• **SUPPLIED ENTRIES**
■ ■ ■
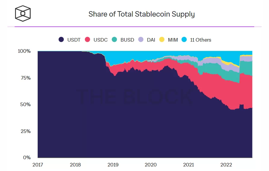 The Block’un verilerine göre, stablecoin pazarında USDT’nin payı son 1.5 yılda düzenli olarak düşüyor.
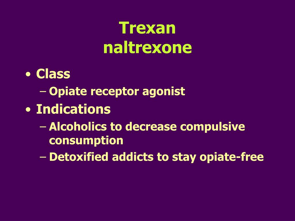 Trexannaltrexone • Class • Opiate receptor agonist • Indications • Alcoholics to decrease compulsive consumption • Detoxified addicts to stay opiate-free
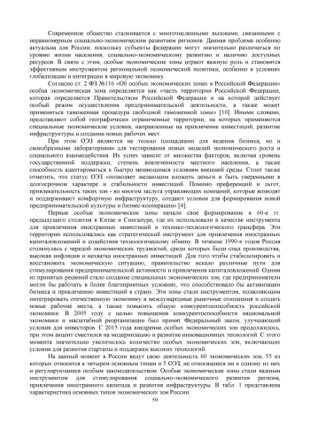 Современное общество сталкивается с многочисленными вызовами, связанными с неравномерным социально-экономическим развитием регионов. Данная проблема особенно актуальна для России, поскольку субъекты федерации могут значительно различаться по уровню жизни населения, социально-экономическому развитию и наличию доступных ресурсов. В связи с этим, особые экономические зоны играют важную роль и становятся эффективным инструментом региональной экономической политики, особенно в условиях глобализации и интеграции в мировую экономику.
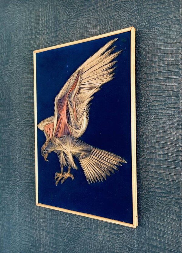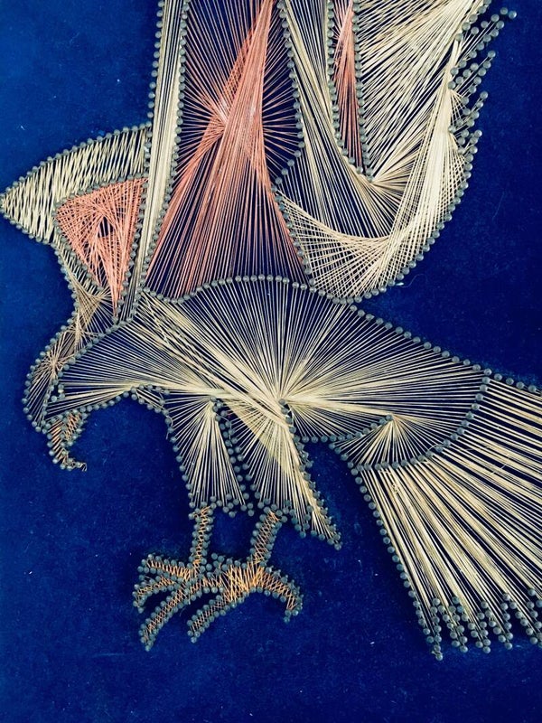 Vintage Handcrafted Needle Pin String Art work 'Eagle'. Made in the 1960's in Belgium. In overal good codntion, some strings are loose, see pictures. Measures 62cm x 41cm x 3cm.
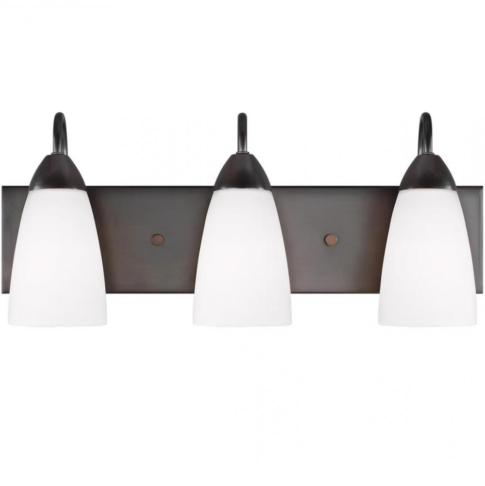 The Seville three light vanity fixture in bronze offers shadow-free lighting in your powder room, spa, or master bath room. The Seville collection represents commitment to high style at a sharp price. The modernist design is epitomized by the teardrop curves in the arms tipped by Etched glass diffusors throughout the chandeliers and bath fixtures. The collection offers a whole home lighting solution in every imaginable category. The assortment includes nine-light, five-light, and three-light chandeliers (either with up-light or down-light), pendants in four sizes as well as one-light, two-light, three-light , four-light and five-light wall/bath fixtures. Install a stylish and elegant addition to any room in the house. Seville is offered in Brushed Nickel and Burnt Sienna finishes.
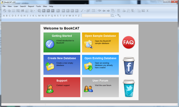 第一次启动BookCAT时,您会看到“欢迎”屏幕。要打开样本数据库,请单击“打开样本数据库”。这个数据库包含几本书来帮助你熟悉这个程序。在开始对收藏进行编目之前,您必须创建自己的数据库。
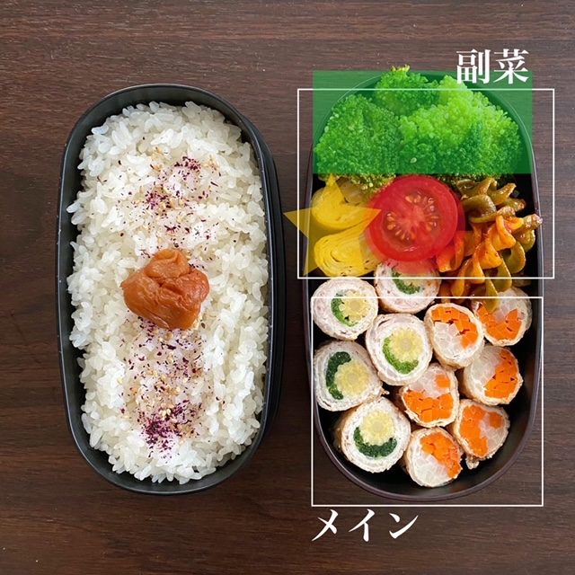 お弁当の詰め方の基本は、「半分をメインのおかず、半分を副菜」と決めておくだけ。これで、見た目もボリューム感があり、食欲をそそるお弁当が完成します。シンプルなルールで誰でも実践できます。
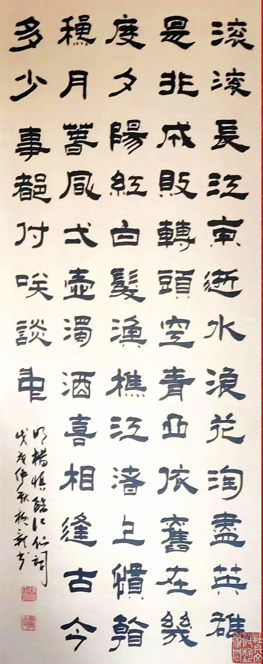 张继田先生写篆书,非常在意笔墨的书写效果。取法譯山碑,碧落碑等,却不仅仅反馈回来碑字的立骨精神,还通过精研勤思表现出笔墨书写的传神魅力!形神兼备,尤其贵于神!字字有跃、腾、奔、卧的人格姿态,让书法完完全全回归到了艺术的界域之内。
■ ■ ■
• **WHAT YOU WILL DO**
Exactly as given, transcribe every line of the data, but not its images.

• **TASK RESULT**
 The Block’un verilerine göre, stablecoin pazarında USDT’nin payı son 1.5 yılda düzenli olarak düşüyor.
 Trexannaltrexone • Class • Opiate receptor agonist • Indications • Alcoholics to decrease compulsive consumption • Detoxified addicts to stay opiate-free
 Современное общество сталкивается с многочисленными вызовами, связанными с неравномерным социально-экономическим развитием регионов. Данная проблема особенно актуальна для России, поскольку субъекты федерации могут значительно различаться по уровню жизни населения, социально-экономическому развитию и наличию доступных ресурсов. В связи с этим, особые экономические зоны играют важную роль и становятся эффективным инструментом региональной экономической политики, особенно в условиях глобализации и интеграции в мировую экономику.
 Vintage Handcrafted Needle Pin String Art work 'Eagle'. Made in the 1960's in Belgium. In overal good codntion, some strings are loose, see pictures. Measures 62cm x 41cm x 3cm.
 The Seville three light vanity fixture in bronze offers shadow-free lighting in your powder room, spa, or master bath room. The Seville collection represents commitment to high style at a sharp price. The modernist design is epitomized by the teardrop curves in the arms tipped by Etched glass diffusors throughout the chandeliers and bath fixtures. The collection offers a whole home lighting solution in every imaginable category. The assortment includes nine-light, five-light, and three-light chandeliers (either with up-light or down-light), pendants in four sizes as well as one-light, two-light, three-light , four-light and five-light wall/bath fixtures. Install a stylish and elegant addition to any room in the house. Seville is offered in Brushed Nickel and Burnt Sienna finishes.
 第一次启动BookCAT时,您会看到“欢迎”屏幕。要打开样本数据库,请单击“打开样本数据库”。这个数据库包含几本书来帮助你熟悉这个程序。在开始对收藏进行编目之前,您必须创建自己的数据库。
 お弁当の詰め方の基本は、「半分をメインのおかず、半分を副菜」と決めておくだけ。これで、見た目もボリューム感があり、食欲をそそるお弁当が完成します。シンプルなルールで誰でも実践できます。
 张继田先生写篆书,非常在意笔墨的书写效果。取法譯山碑,碧落碑等,却不仅仅反馈回来碑字的立骨精神,还通过精研勤思表现出笔墨书写的传神魅力!形神兼备,尤其贵于神!字字有跃、腾、奔、卧的人格姿态,让书法完完全全回归到了艺术的界域之内。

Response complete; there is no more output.